(WHAT YOU NEED TO DO) Although the records include pictures, the copy should not; write out exactly the lines from the first through the line with "белый в серебре".

------ MATERIAL SHOWN ------

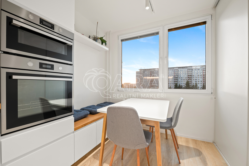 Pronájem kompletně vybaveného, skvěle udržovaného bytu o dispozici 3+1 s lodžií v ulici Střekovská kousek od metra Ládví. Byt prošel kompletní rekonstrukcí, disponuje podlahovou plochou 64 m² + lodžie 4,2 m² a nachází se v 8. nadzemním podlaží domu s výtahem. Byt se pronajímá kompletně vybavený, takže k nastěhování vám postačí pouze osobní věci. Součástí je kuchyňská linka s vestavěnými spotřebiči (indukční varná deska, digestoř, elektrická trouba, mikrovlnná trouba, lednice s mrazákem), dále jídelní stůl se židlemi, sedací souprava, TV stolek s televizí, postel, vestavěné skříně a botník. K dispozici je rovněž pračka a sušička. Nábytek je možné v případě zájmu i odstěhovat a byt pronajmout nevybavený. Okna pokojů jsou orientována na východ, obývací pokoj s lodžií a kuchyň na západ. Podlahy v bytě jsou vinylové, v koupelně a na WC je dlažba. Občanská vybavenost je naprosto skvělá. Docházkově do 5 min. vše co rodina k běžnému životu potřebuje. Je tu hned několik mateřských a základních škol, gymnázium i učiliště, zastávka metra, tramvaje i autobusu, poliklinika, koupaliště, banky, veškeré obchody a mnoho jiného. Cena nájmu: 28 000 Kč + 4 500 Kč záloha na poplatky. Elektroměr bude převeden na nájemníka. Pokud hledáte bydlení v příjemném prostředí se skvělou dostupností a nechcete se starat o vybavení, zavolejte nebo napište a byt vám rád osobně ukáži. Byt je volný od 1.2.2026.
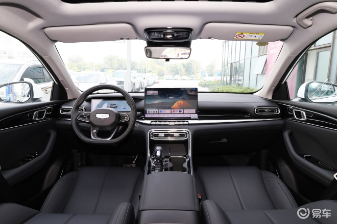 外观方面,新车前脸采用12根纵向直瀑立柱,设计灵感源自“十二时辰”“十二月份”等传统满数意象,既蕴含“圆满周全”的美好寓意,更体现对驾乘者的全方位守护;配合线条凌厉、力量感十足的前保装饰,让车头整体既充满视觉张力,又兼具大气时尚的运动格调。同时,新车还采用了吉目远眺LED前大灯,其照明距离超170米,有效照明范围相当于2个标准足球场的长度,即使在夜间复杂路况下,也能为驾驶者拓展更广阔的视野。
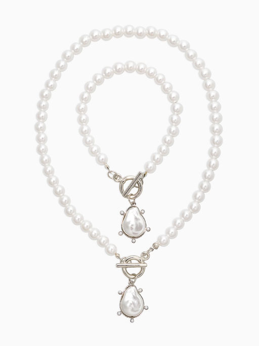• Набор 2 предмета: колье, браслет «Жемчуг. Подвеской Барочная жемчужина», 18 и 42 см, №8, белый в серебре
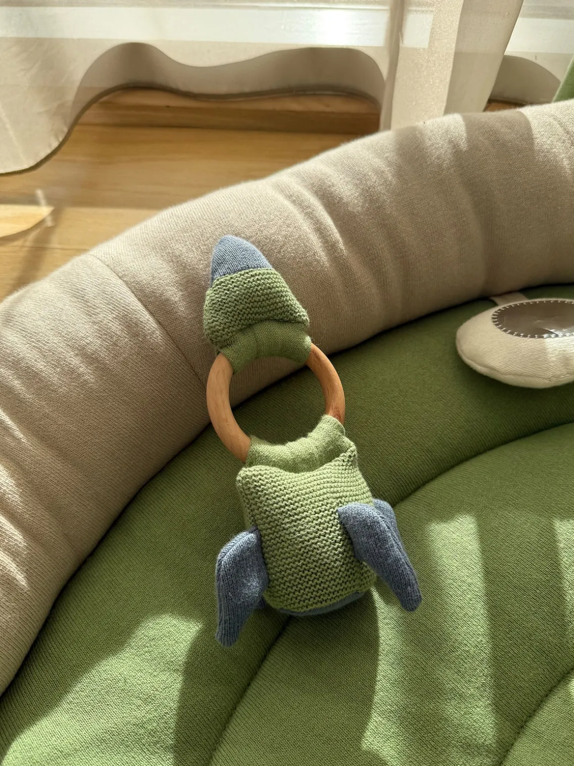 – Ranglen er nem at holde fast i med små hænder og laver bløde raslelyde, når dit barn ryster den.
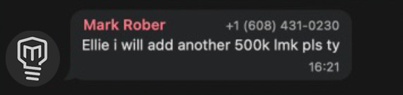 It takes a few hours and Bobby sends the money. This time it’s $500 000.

------

(FINAL ANSWER)
 Pronájem kompletně vybaveného, skvěle udržovaného bytu o dispozici 3+1 s lodžií v ulici Střekovská kousek od metra Ládví. Byt prošel kompletní rekonstrukcí, disponuje podlahovou plochou 64 m² + lodžie 4,2 m² a nachází se v 8. nadzemním podlaží domu s výtahem. Byt se pronajímá kompletně vybavený, takže k nastěhování vám postačí pouze osobní věci. Součástí je kuchyňská linka s vestavěnými spotřebiči (indukční varná deska, digestoř, elektrická trouba, mikrovlnná trouba, lednice s mrazákem), dále jídelní stůl se židlemi, sedací souprava, TV stolek s televizí, postel, vestavěné skříně a botník. K dispozici je rovněž pračka a sušička. Nábytek je možné v případě zájmu i odstěhovat a byt pronajmout nevybavený. Okna pokojů jsou orientována na východ, obývací pokoj s lodžií a kuchyň na západ. Podlahy v bytě jsou vinylové, v koupelně a na WC je dlažba. Občanská vybavenost je naprosto skvělá. Docházkově do 5 min. vše co rodina k běžnému životu potřebuje. Je tu hned několik mateřských a základních škol, gymnázium i učiliště, zastávka metra, tramvaje i autobusu, poliklinika, koupaliště, banky, veškeré obchody a mnoho jiného. Cena nájmu: 28 000 Kč + 4 500 Kč záloha na poplatky. Elektroměr bude převeden na nájemníka. Pokud hledáte bydlení v příjemném prostředí se skvělou dostupností a nechcete se starat o vybavení, zavolejte nebo napište a byt vám rád osobně ukáži. Byt je volný od 1.2.2026.
 外观方面,新车前脸采用12根纵向直瀑立柱,设计灵感源自“十二时辰”“十二月份”等传统满数意象,既蕴含“圆满周全”的美好寓意,更体现对驾乘者的全方位守护;配合线条凌厉、力量感十足的前保装饰,让车头整体既充满视觉张力,又兼具大气时尚的运动格调。同时,新车还采用了吉目远眺LED前大灯,其照明距离超170米,有效照明范围相当于2个标准足球场的长度,即使在夜间复杂路况下,也能为驾驶者拓展更广阔的视野。
• Набор 2 предмета: колье, браслет «Жемчуг. Подвеской Барочная жемчужина», 18 и 42 см, №8, белый в серебре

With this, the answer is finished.